When we refuse to see the difference between historical racial privilege and racial slurs we foreclose on any opportunity to dismantle the fiction of race.
And when we recognise race as constructed we refuse to see its construction does not make it any less "real".
Isn't the suggestion that Barbados is some backward small-minded racist society in contrast to a bigger, wider, "global" community devoid of racism and colour prejudice not only ridiculously inaccurate but naive?
What have been the effects of Caribbean countries such Jamaica and the Dominican Republic representing themselves as more "brown" than they really are? Who gets included?

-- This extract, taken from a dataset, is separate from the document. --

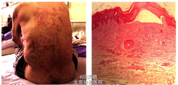 男,78岁。因胸背四肢起红斑、水疱伴瘙痒半年入院。半年 前患者无明显诱因胸、背起红色斑疹及小 水疱,自觉瘙痒,随后皮疹逐渐扩大,症状加重,曾在外院诊断为“湿 疹”、“药物性皮炎”,给予抗过敏治疗,无明显疗效。近1个月,患者自觉皮疹扩展到双上肢伸侧及双下肢近端皮肤,口服抗组胺药物治疗不能缓解。患者既往有慢性支 气管炎史24年,口服药物治疗至今。1年前诊断“骨髓增殖综合征及原发性血小板增多症”,予羟基脲及干扰素治疗。

Who's left excluded?
Does a majority black government in Barbados translate into a monolithic, hegemonic blackness?
What kinds of images(fictions) of black women does the international media produce?

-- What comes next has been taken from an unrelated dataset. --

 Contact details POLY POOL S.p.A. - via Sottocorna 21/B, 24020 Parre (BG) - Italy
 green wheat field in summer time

Barbados is made up of many closed communities, bounded by race/colour, class and nationality. Is there are real interest in crossing these boundaries or are we happy with the way things are?
Isn't this small island a very big prison at times?

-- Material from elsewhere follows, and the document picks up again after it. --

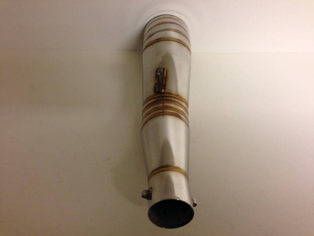 Silencieux Classic GP fait main, plus un tueur de décibels. Ce magnifique silencieux est fabriqué en acier inoxydable et est livré directement avec un tueur de décibels. Le silencieux peut être placé sur 2 côtés. Le diamètre de la connexion est de 51mm. La longueur totale de l'amortisseur de décélération est de 400 mm.
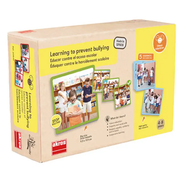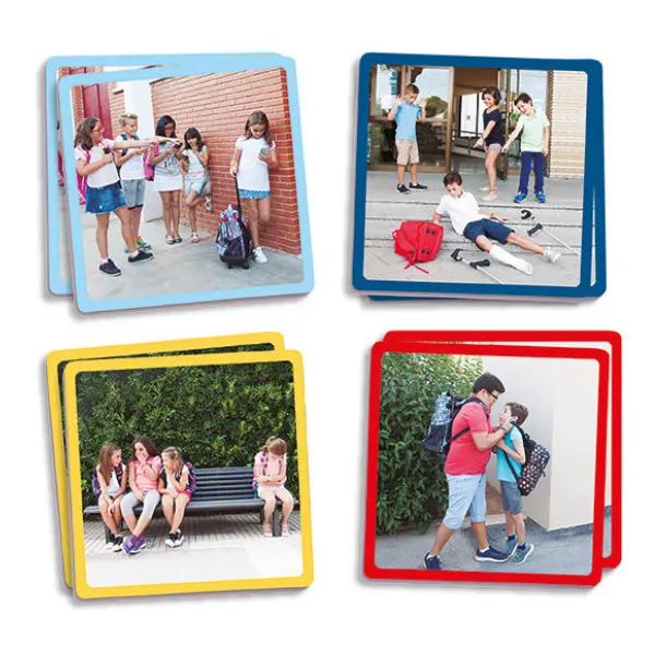 Conjunto de 5 sequências de imagens que permitem educar e consciencializar os mais pequenos para prevenir situações de abuso escolar (bullying), assim dotá-los de estratégias para o enfrentarem.

Am i being defensive? What is there to defend?
Well the call-in programmes were apparently ablaze with moral outrage after Lil Rick's Girls Gone Wild video aired on local TV. Luckily my allergy to call-in programmes kept me away from it all. I have, however, been reading electronic message boards and as many of the youtube comments as my sensitive stomach could stand. Opinions seem split between those who thinks it's degrading to women and those who view the video as some national symbol of local ingenuity and pride. While i recognise that by now everybody has forgotten about the video and are busy talking about the next threat to public morals i'll go ahead and give my opinion anyway because this is my comeback post!!!
There is something about the video that i find unsettling. And its not the wukking-up. i too enjoy a good (or bad) wuk up myself.
i love the lil rick song. It's a great celebration of female sexuality and of the way in which women enjoy themselves and their bodies and of how the popularity of these soca tunes depends on female approval. So just how did the song go from all that to lazy stock images filtered through a male gaze? And just where does all of the nationalist imagery fit in this made-for-tv male fantasy?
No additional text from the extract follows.